%%

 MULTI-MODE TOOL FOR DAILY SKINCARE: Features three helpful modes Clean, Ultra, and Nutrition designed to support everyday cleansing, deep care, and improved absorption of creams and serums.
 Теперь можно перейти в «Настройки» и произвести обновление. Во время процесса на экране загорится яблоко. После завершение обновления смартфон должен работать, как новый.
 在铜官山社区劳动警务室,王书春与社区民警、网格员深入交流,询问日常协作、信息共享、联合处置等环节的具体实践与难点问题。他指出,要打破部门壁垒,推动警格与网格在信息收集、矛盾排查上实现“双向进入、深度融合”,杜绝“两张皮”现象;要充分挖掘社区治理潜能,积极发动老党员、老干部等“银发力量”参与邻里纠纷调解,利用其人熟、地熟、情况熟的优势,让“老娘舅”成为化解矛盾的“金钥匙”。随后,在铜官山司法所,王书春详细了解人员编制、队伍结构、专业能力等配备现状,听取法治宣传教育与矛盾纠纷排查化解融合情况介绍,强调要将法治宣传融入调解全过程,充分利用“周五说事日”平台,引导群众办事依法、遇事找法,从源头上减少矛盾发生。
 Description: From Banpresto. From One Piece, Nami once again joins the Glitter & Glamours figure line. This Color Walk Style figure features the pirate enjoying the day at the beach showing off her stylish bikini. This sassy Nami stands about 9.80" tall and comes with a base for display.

%%
%%

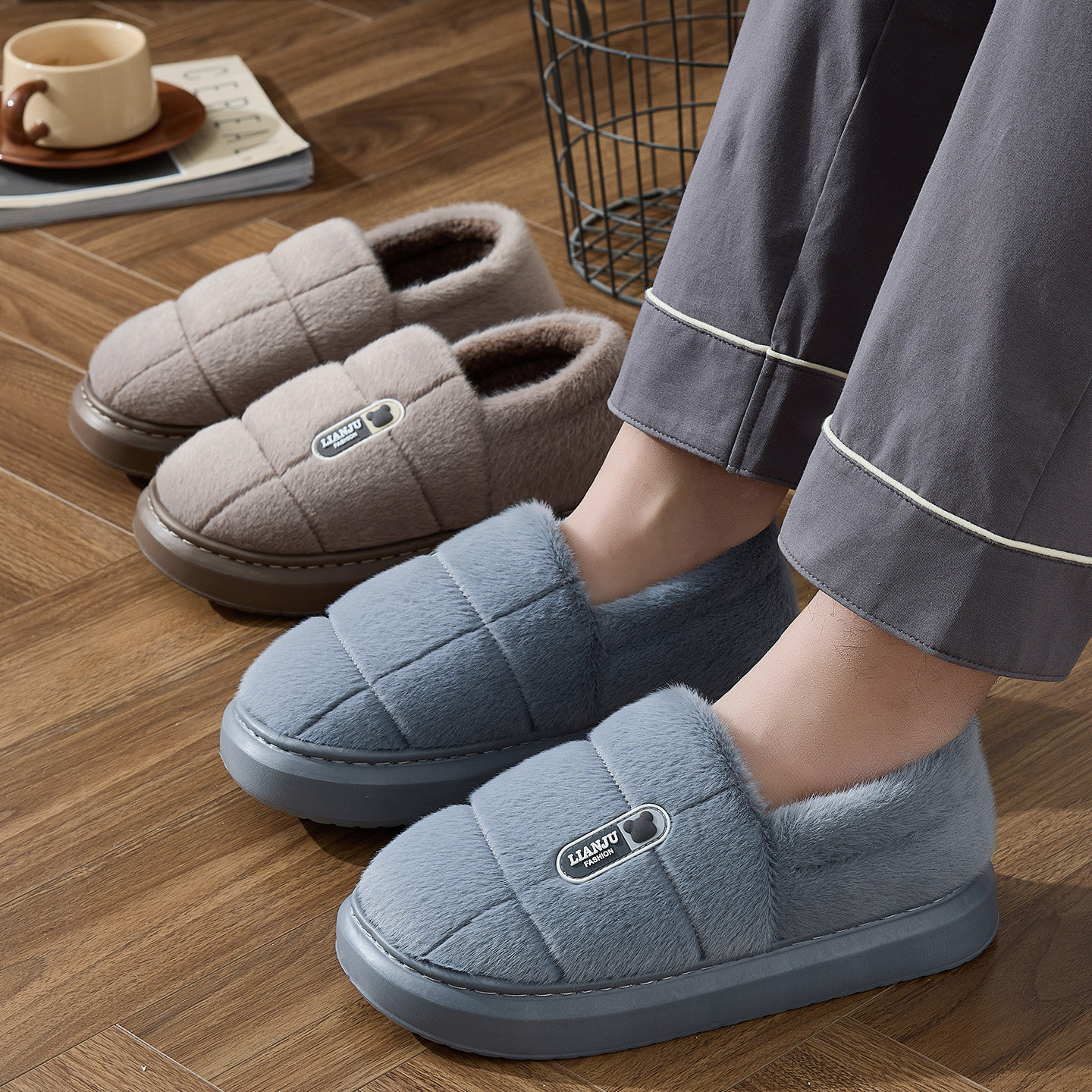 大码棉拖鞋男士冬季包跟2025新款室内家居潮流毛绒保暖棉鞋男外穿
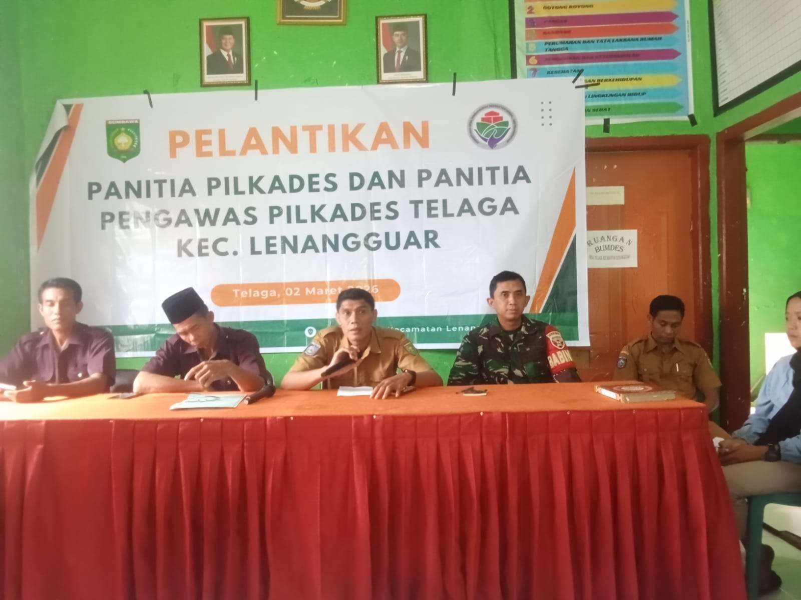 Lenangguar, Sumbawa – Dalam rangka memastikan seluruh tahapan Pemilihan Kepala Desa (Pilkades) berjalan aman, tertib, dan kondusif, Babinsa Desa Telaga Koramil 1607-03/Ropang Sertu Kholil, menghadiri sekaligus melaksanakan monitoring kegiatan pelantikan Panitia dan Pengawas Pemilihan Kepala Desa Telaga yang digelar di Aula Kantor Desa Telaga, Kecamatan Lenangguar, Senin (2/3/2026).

%%

> _ACTION ITEM_
Work from the entries above. Set down exactly and only the lines from the line with "大码棉拖鞋男士冬季包跟2025新款室内家居潮流毛绒保暖棉鞋男外穿" to the line with "Lenangguar, Sumbawa –", both included, and leave the pictures out.

> _RESPONSE TO THE EXERCISE_
 大码棉拖鞋男士冬季包跟2025新款室内家居潮流毛绒保暖棉鞋男外穿
 Lenangguar, Sumbawa – Dalam rangka memastikan seluruh tahapan Pemilihan Kepala Desa (Pilkades) berjalan aman, tertib, dan kondusif, Babinsa Desa Telaga Koramil 1607-03/Ropang Sertu Kholil, menghadiri sekaligus melaksanakan monitoring kegiatan pelantikan Panitia dan Pengawas Pemilihan Kepala Desa Telaga yang digelar di Aula Kantor Desa Telaga, Kecamatan Lenangguar, Senin (2/3/2026).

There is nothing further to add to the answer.